Nicole Burth, CEO Adecco Schweiz, im Interview
von Bob Buchheit
Moneycab.com: Frau Burth, welchen Athleten konnte die Adecco Gruppe Schweiz dank dem neuen Label «Leistungssportfreundlicher Arbeitgeber» einen Job vermitteln?
Nicole Burth: Seit 2018 wurden bereits zehn Firmen mit dem Label «Leistungssportfreundlicher Arbeitgeber» ausgezeichnet sowie über 20 Athleten bei Leistungssportfreundlichen Arbeitgebern platziert. Mit SBB, SWISS und Sunrise konnten wir wichtige Schweizer Grossfirmen als Partner finden. Nebst den Grossfirmen machen auch verschiedene KMU’s mit. Was die Athleten anbelangt, so hat beispielsweise der Curler Benoît Schwarz, der mit seinem Team an den Olympischen Spielen in PyeongChang die Bronzemedaille gewonnen hat, bei der Swiss im 2018 ein Praktikum absolviert.
Die Zeitarbeitsbranche hat eher einen technokratischen Ruf.
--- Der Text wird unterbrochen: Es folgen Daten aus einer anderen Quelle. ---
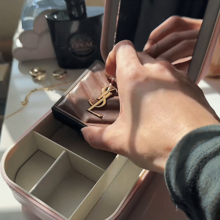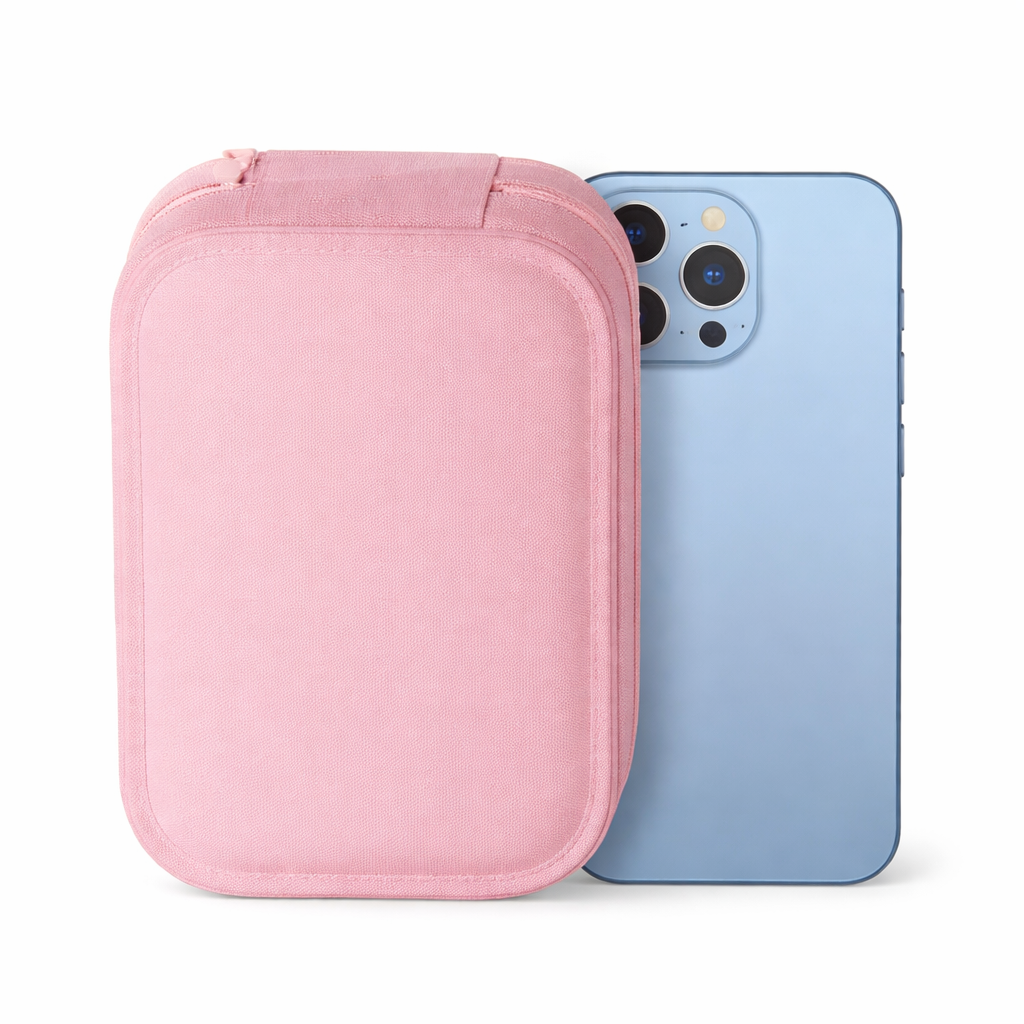 A compact LED makeup mirror case that keeps your beauty essentials organized and gives you perfect lighting wherever you go.

Helfen Programme wie Leistungssportfreundlicher Arbeitgeber oder „Win4Youth“ diesen Ruf aufzumöbeln?
Die Programme dienen dazu, die Bedeutung und Vorteile von flexiblen Arbeitsmodelle sowie einer guten Work-Life-Balance zu unterstreichen. Die Temporärbranche ist ein wichtiger Treiber der Schweizer Wirtschaft. Sie stellt sicher, dass Unternehmen Auftragsvolatilitäten abfedern können und sie somit international kompetitiv bleiben. Zudem fördert Temporärarbeit die Arbeitsmarktintegration: Jeder zweite Temporärarbeitende auf Feststellensuche hat diese innerhalb von 24 Monaten nach Beginn seines ersten Einsatzes gefunden. Im Rahmen der heutigen „Gig Economy“ stellt die Temporärarbeit zudem eine vorbildliche und durch den GAV-Personalverleih sozial gut abgesicherte, flexible Arbeitsform dar, da Beiträge an die Sozialversicherungen fliessen und Mindestlöhne gelten.
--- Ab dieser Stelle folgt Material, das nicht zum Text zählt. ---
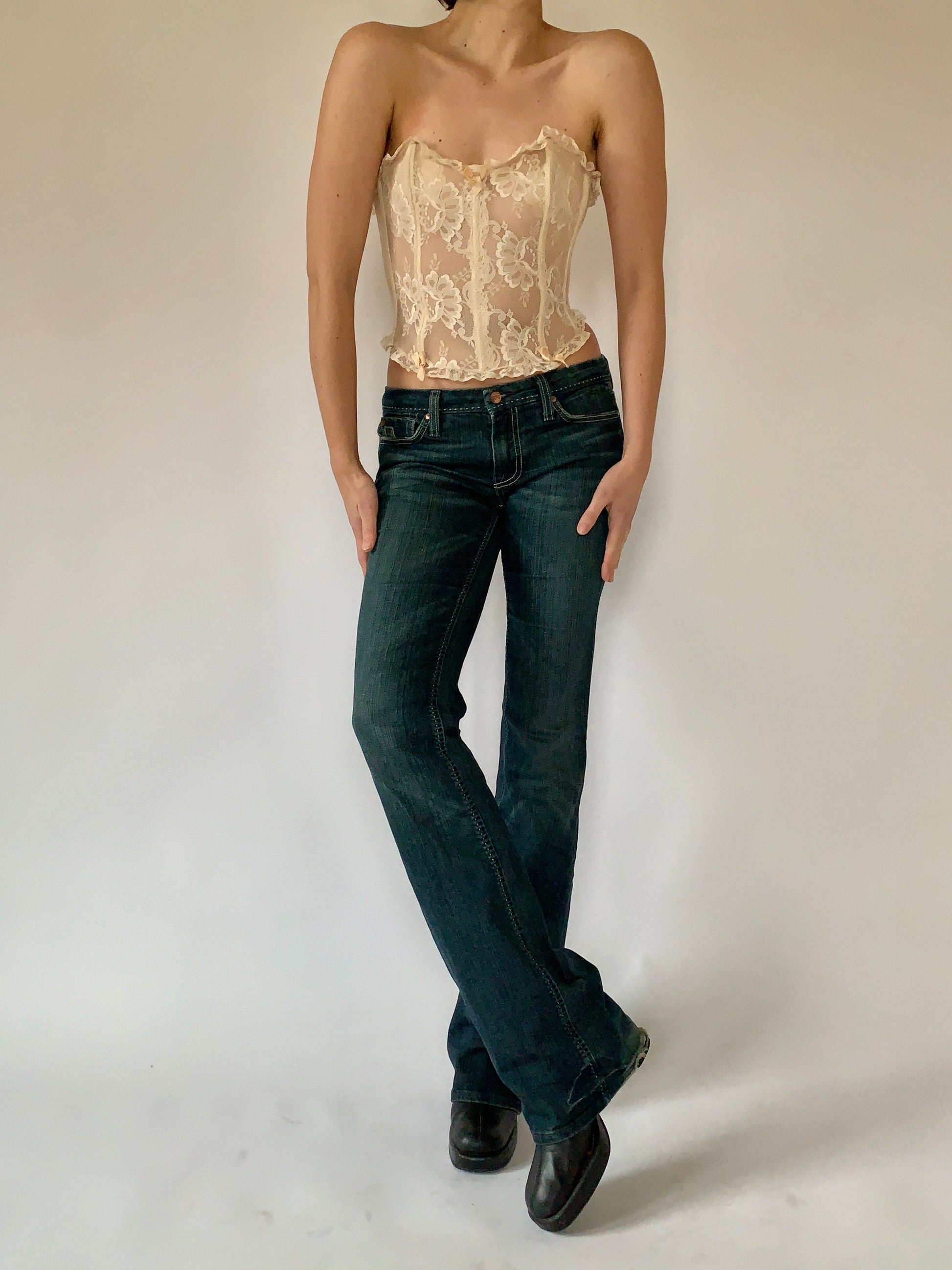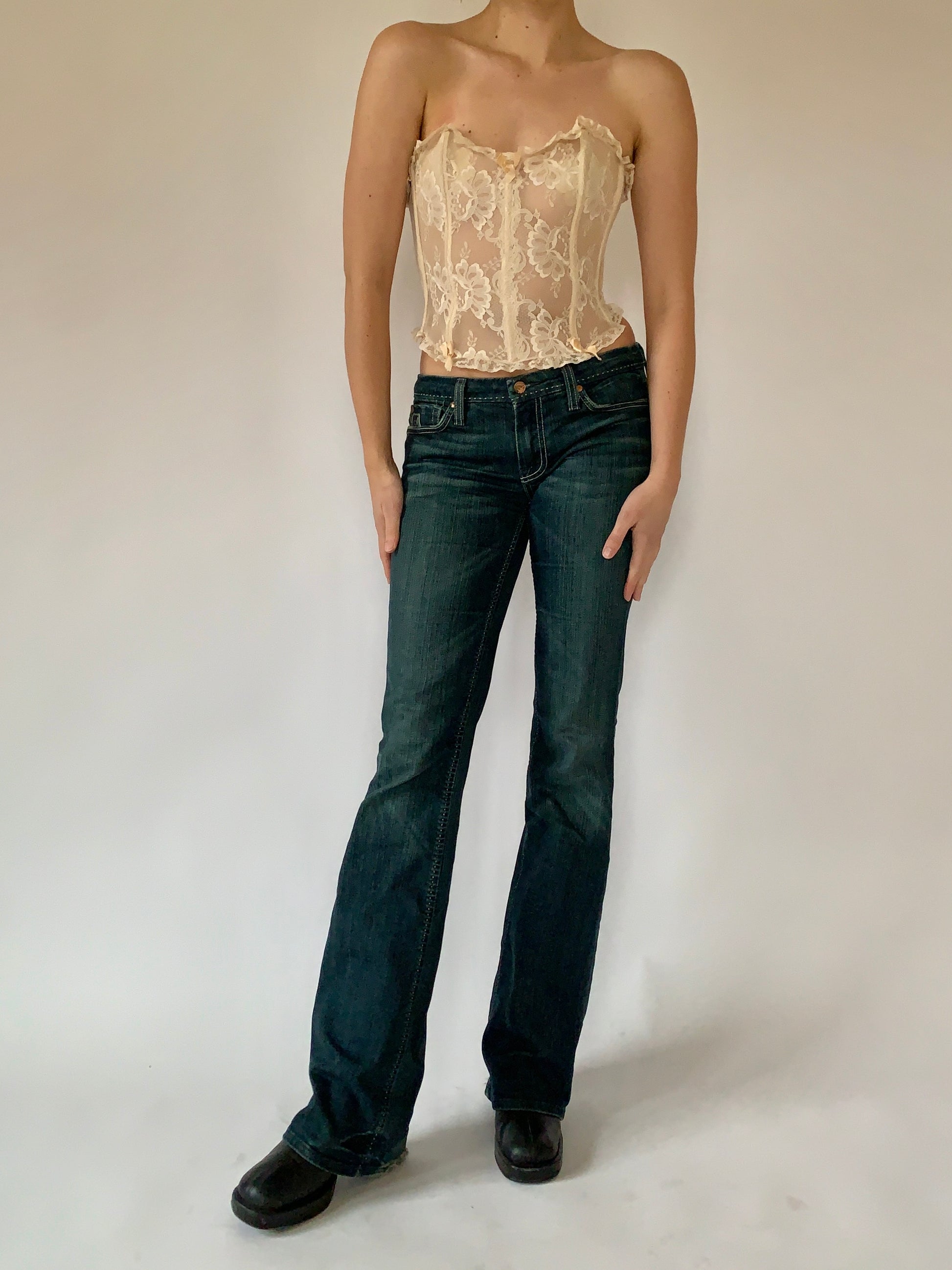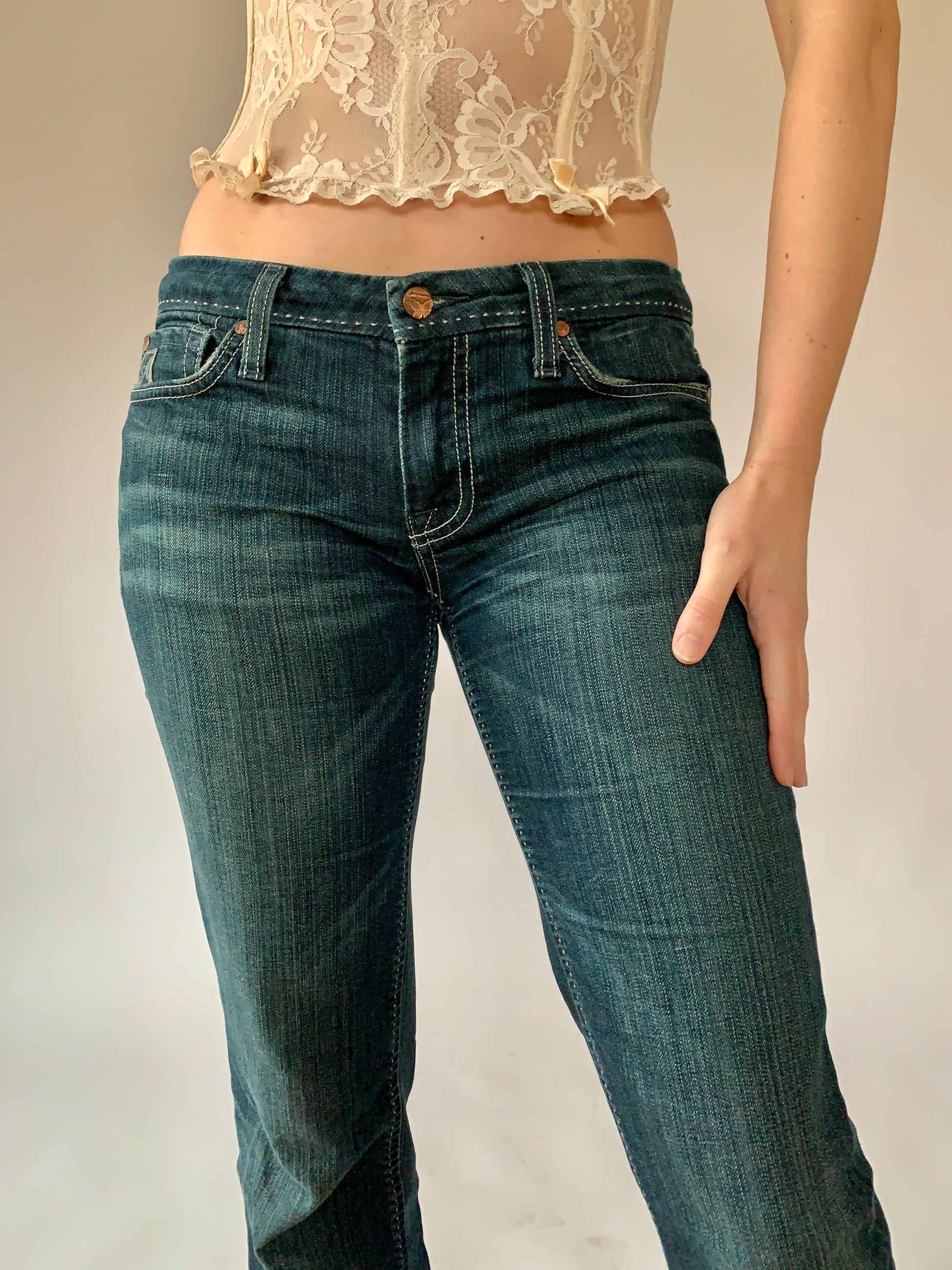 - Labeled a size 27 with stretch, low rise with a boot cut

Welche Ihrer Marken Adecco Staffing, Spring Professional, Badenoch & Clark, Pontoon und Lee Hecht Harrison ist denn am konjunktursensibelsten?
Unsere «rote» Marke Adecco, da grosse Teile des Temporärgeschäfts über Adecco abgewickelt werden. Unerwartete Zusatzaufträge werden zunächst mit Temporärpersonal bewältigt. Daher ist die Temporärbranche ein Frühindikator für die wirtschaftliche Entwicklung.
«Ausländische Personalvermittler dürfen in der Schweiz nicht tätig sein, wenn sie nicht mindestens eine schweizerische Zweigniederlassung haben und über die entsprechenden Bewilligungen verfügen.»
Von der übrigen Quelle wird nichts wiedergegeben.